Except that in my experience, software development is mostly about learning things just-in-time. Most projects pose new challenges, or you want to use new technologies, and so on.
Imagine you hired some Cobol developers some decades ago, and therefore you would still be stuck using Cobol on your projects.
>I don't want my employees to have to learn everything just-in-time.
You can require knowledge without using dealbreakers like "you must know b-trees". A better alternative would be to say "you need to know 30% of the following group of things: b-trees, tcp/ip vs udp, ..." and so on.
This is a lot like what I try to do in interviews, because I'm mostly just trying to filter out liars. I pick projects out of the candidate's resume and ask them about things they had to have learned to do the job they did.
What if they could explain what a b-tree is, and why they are useful, but that they'd have trouble implementing one on the spot. If they told you the name of a good book they know that has an explanation of b-trees. That they read the chapter a while ago, which is why they can generally explain what a b-tree is, and that that's where they'd go if b-trees came up and they needed to write/implement one?

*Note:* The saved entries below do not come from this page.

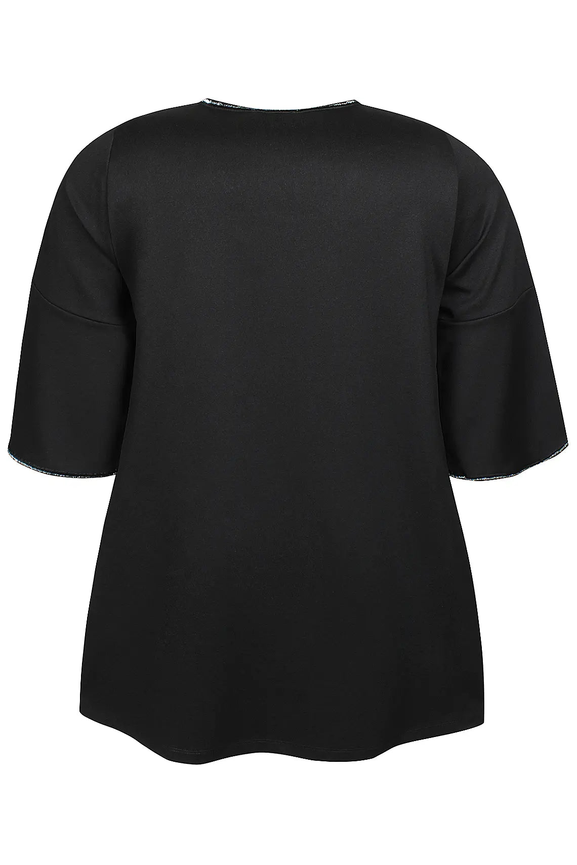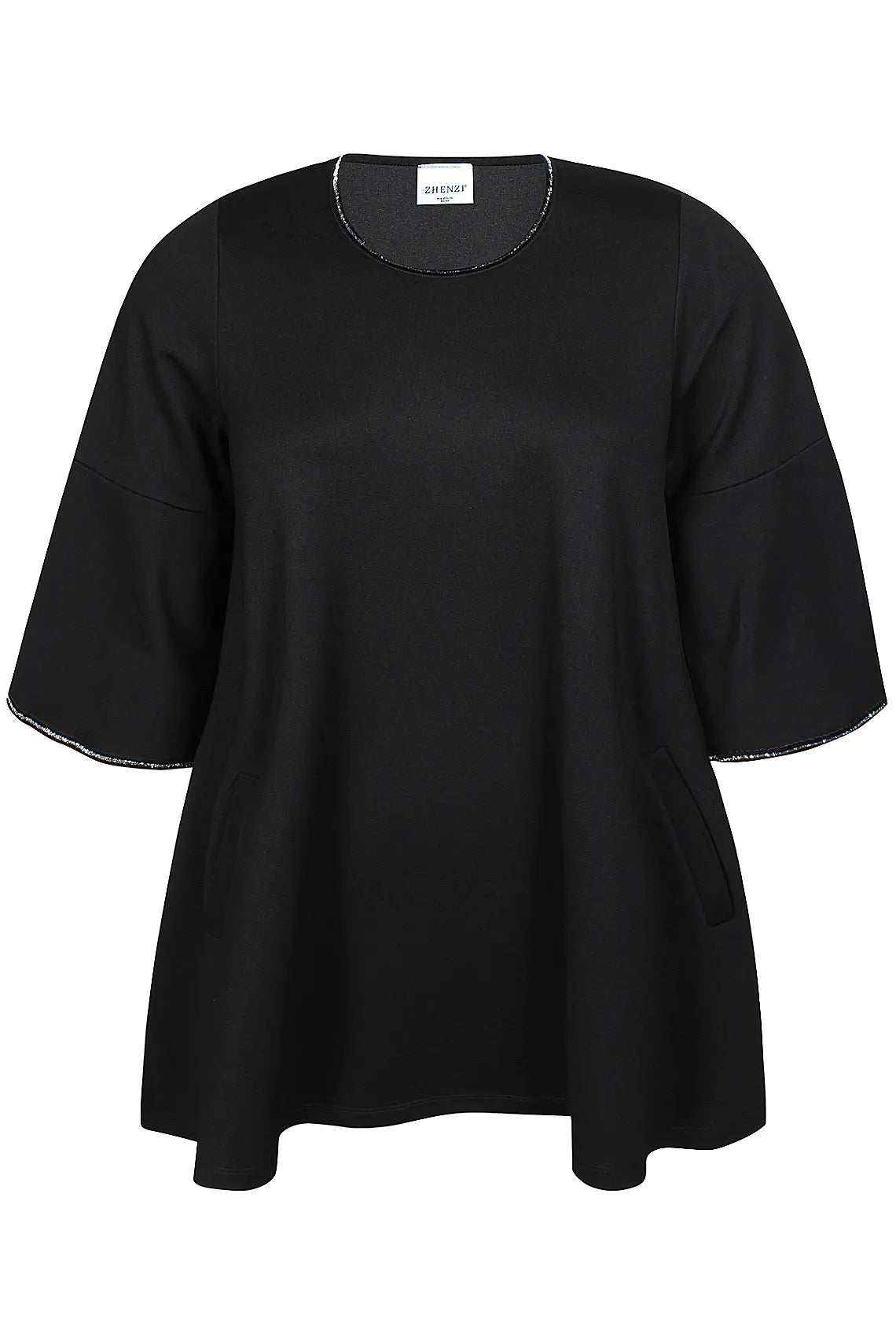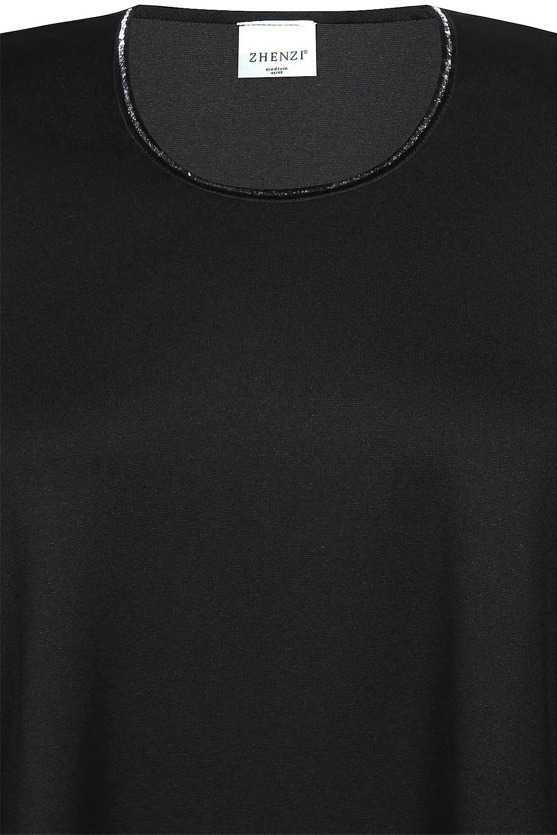 Elegant a-formad tunika med 3/4 dels långa ärmar och rundad hals, runt halsringningen så är det små diamanter som ger en extra touch.
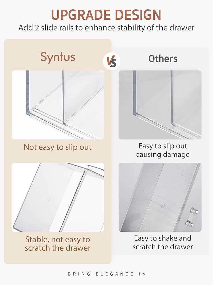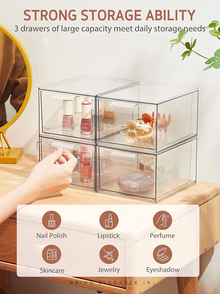 Strong Storage Ability – Comes with 3 makeup drawer organizers, each measures 7.44 × 5.98 × 4.37 inch. Provide plenty of space for your daily needs.
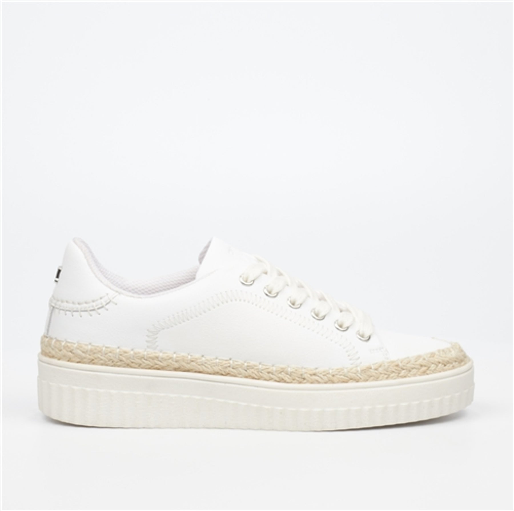 The silhouette is clean and minimal, featuring smooth leather uppers in a crisp, natural finish. A slightly rounded toe, waxed laces, and subtle stitching lend it a polished, refined edge. The defining element—a chunky, sculpted rubber sole—adds both height and a contemporary twist, without compromising on support or walkability.

I don't mean to imply that this wouldn't be acceptable to you. I do "know" that I've been screened out after giving an answer like this (to the extent that I can really know the reason, legally they aren't allowed to say).

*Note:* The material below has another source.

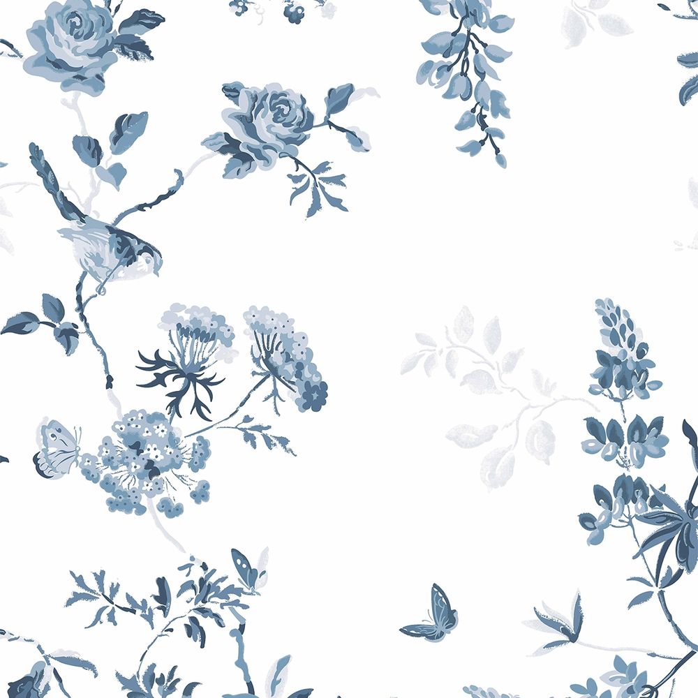 Featuring an illustrated pattern of birds and roses in cooling blue shades with a pure white background, this design can create a calm and relaxed atmosphere in your home.
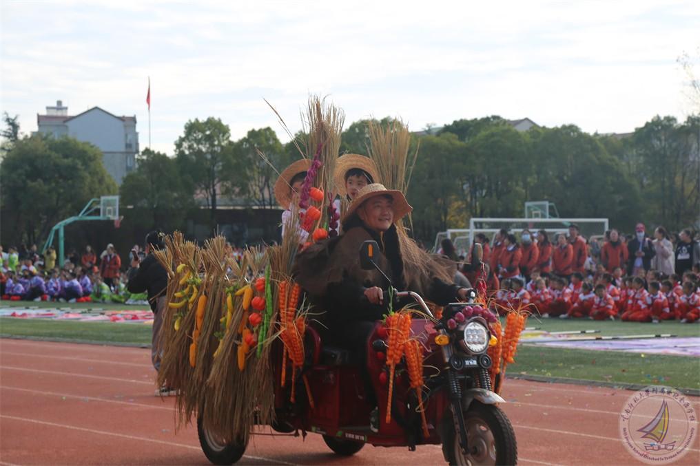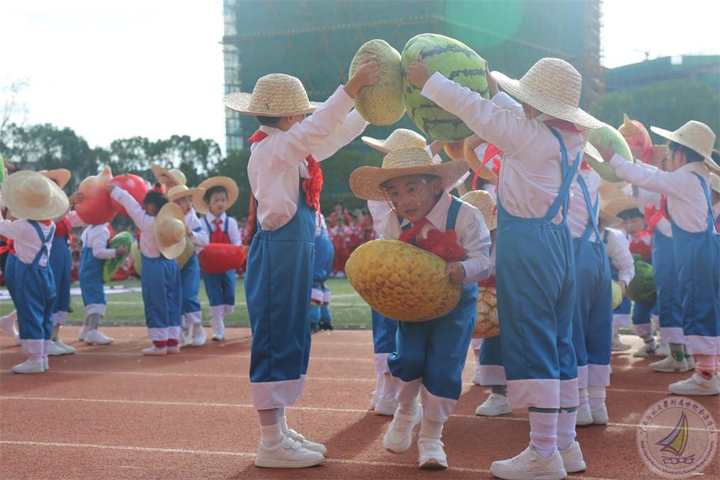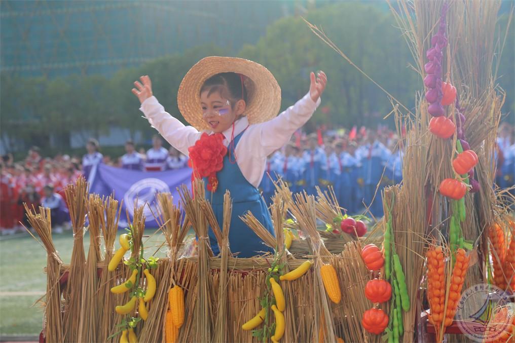 幼儿园方阵恰似一群小福娃,5岁的他们,携着庆丰收的喜悦与劳育的初萌,欢欢喜喜地走来啦。手里的稻谷、麦穗、西瓜、苹果,还有脸上的笑容,都传递着稻花香里说丰年的喜悦。

The truth of the matter is that, for most of us, when faced with a problem we work with what we know. If you ensure breadth of knowledge, you can get better at each aspect, but if you only know a few fundamental ideas, that means that you have to be capable of looking at a problem and rediscovering the right data structure to handle it with. Essentially, you have to be as smart as the guys who came up with it in the first place and more. Better to know the data structures and how they work.
I suppose if you're a network engineer http/udp/tcp is necessary to know maybe off hand but not really, http isn't even in the same network layer so I'd find it strange to even ask about the 'difference'. UDP and TCP differences are more or less a well known question but even then I've had some ask the question expecting the most basic of differences and others with the minutiae.

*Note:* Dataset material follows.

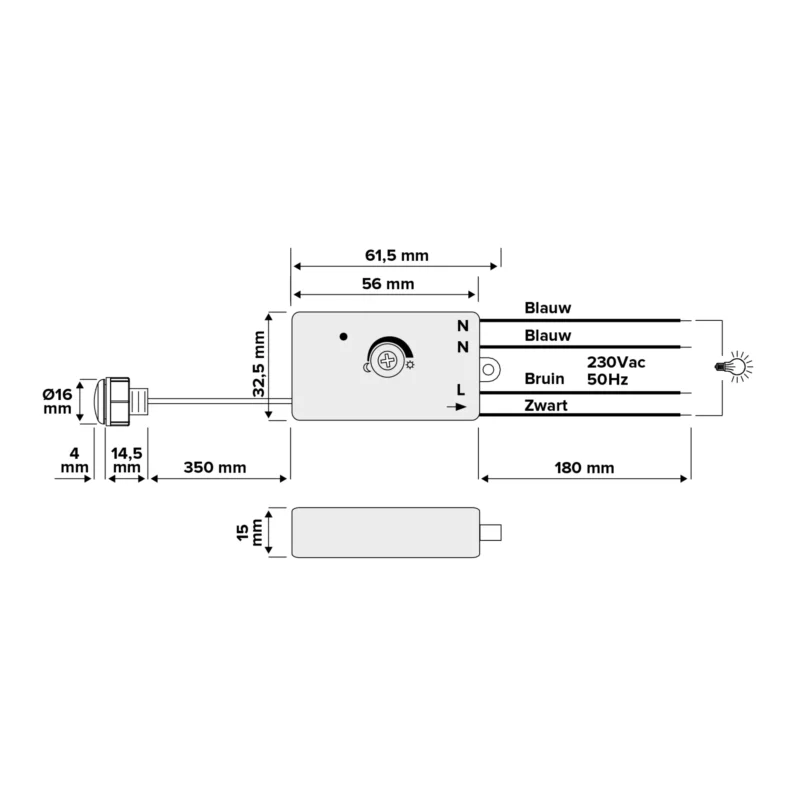 Inbouw schemerschakelaar 0,5A lux instelbaar 5-300Lux

btree index is also something that can be learned conceptually in about 10 minutes.
It is far more important for me to see that someone can explain a project that they've worked on in the past with enough details to demonstrate sufficient technical knowledge than a litmus test based on somewhat arbitrary facts. 'don't know what lsof is? Not hired, I don't want someone who can't use shell'
Actually UDP and TCP are the prototypical examples of a reliable versus an unreliable protocol.
Being familiar with protocol design is important no matter what type of programming one is doing, the ideas of ACKs, NACKs, and flow control pop up all over the place!
I don't know what kind of work you're in, but "knowing how a btree index works" (i mean how it really works, not just knowing the word "b-tree", if that's what you meant, nm) ranks pretty high in my book, it'd be outright bizarre if that same person didn't know the difference between udp and tcp?
Believe me, your DBA or the person who writes queries doesn't need to know how exactly B-tree index works. Or even "B-tree" term. Just being aware about indexes and knowing when and where to add it would be sufficient.
I agree in principle that not everyone needs his entire algorithms curriculum resident in his head all the time. However, a DBA should understand the characteristics of the type of index he is implementing. B-tree isn't the only game in town.
So for me, I really want to interview somebody before he can work with me.